EXERCISE DATA:
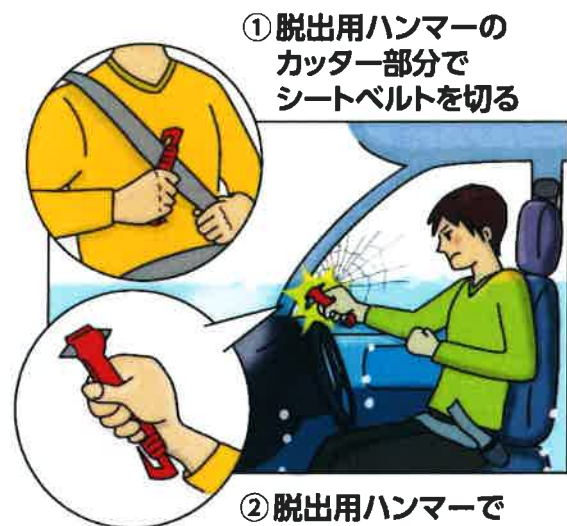
脱出用ハンマー、シートベルトカッターの使い方 (JAF ホームページより)
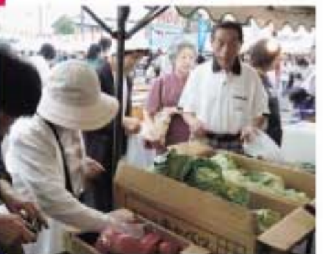
新鮮でとれたての大きな野菜が 大好評でした。(農産販売課)
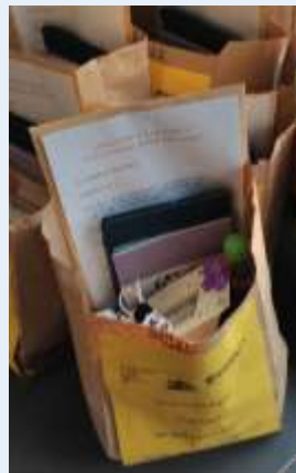
Foto: Tütenpacken im Jugendhaus Rheindorf
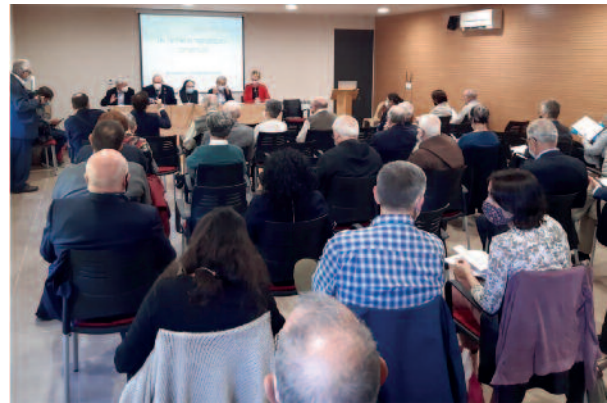
Sala d'actes del Centre de Recursos de Vallbona de les Monges, on han tingut lloc les sessions.
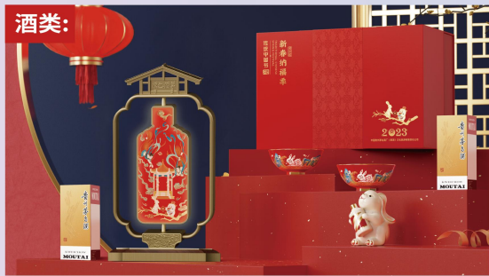
茅台兔年新春礼盒
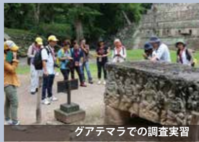
グアテマラでの調査実習
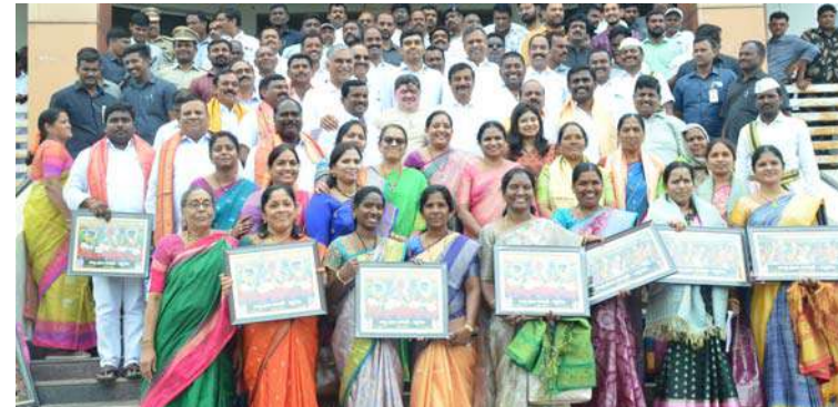
అక్షర విజేత సిద్దిపేట
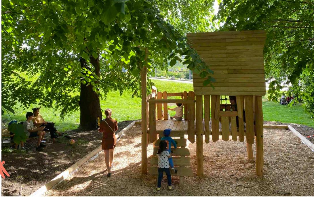
La maison sur pilotis déjà investie par les enfants !
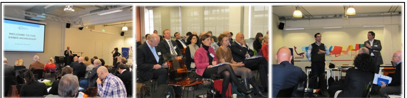
ERMIS Interregional Innovation Workshop, 4 aprile 2012, Eindhoven, Paesi Bassi

Il seminario ha presentato esempi e di buone pratiche per un'efficace intervento pubblico in merito a questi tre temi, ma ha anche contestato le pratiche attuali dando modo di riflettere su come i governi possano giocare ruoli più efficaci nel favorire l'innovazione
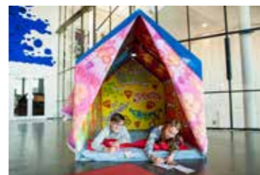
Träume und Engagement
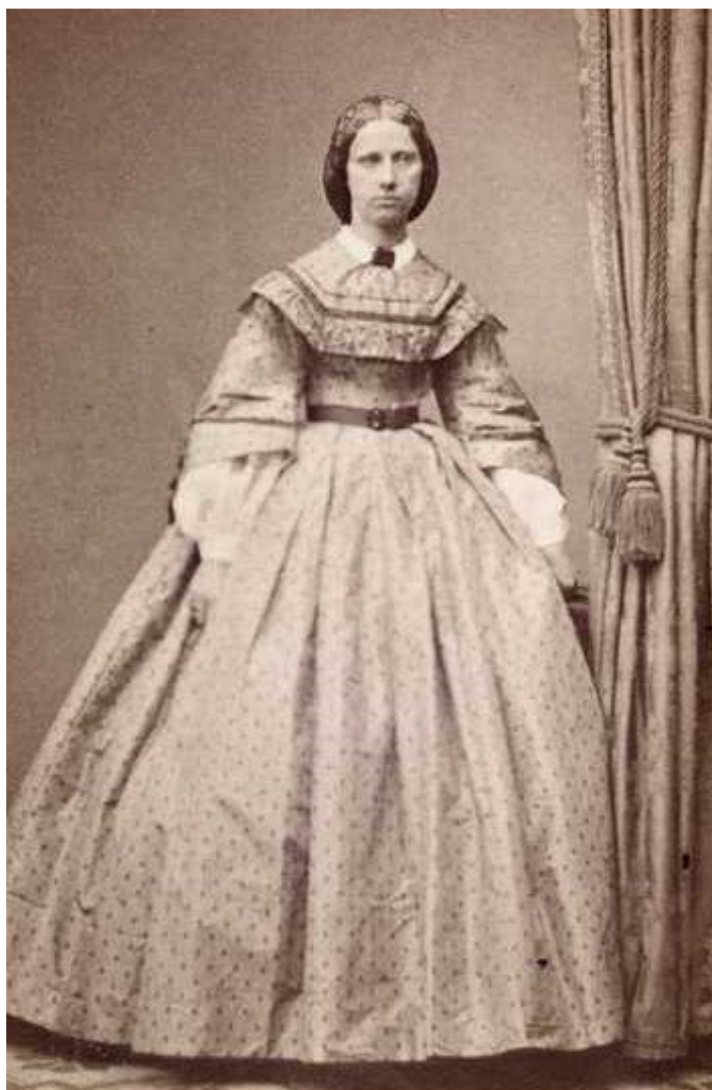
Foto ca. 1860-1865
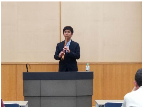
午前の部 最後に披露された講師による 尺八の演奏
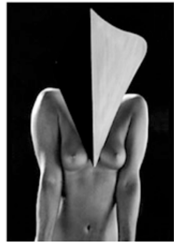
FOT.8 İBRAHİM GÖĞER

WHAT THIS TASK INVOLVES:
Copy down each line in the entries that has the word "Foto".

TASK ANSWER:
Foto: Tütenpacken im Jugendhaus Rheindorf
Foto ca. 1860-1865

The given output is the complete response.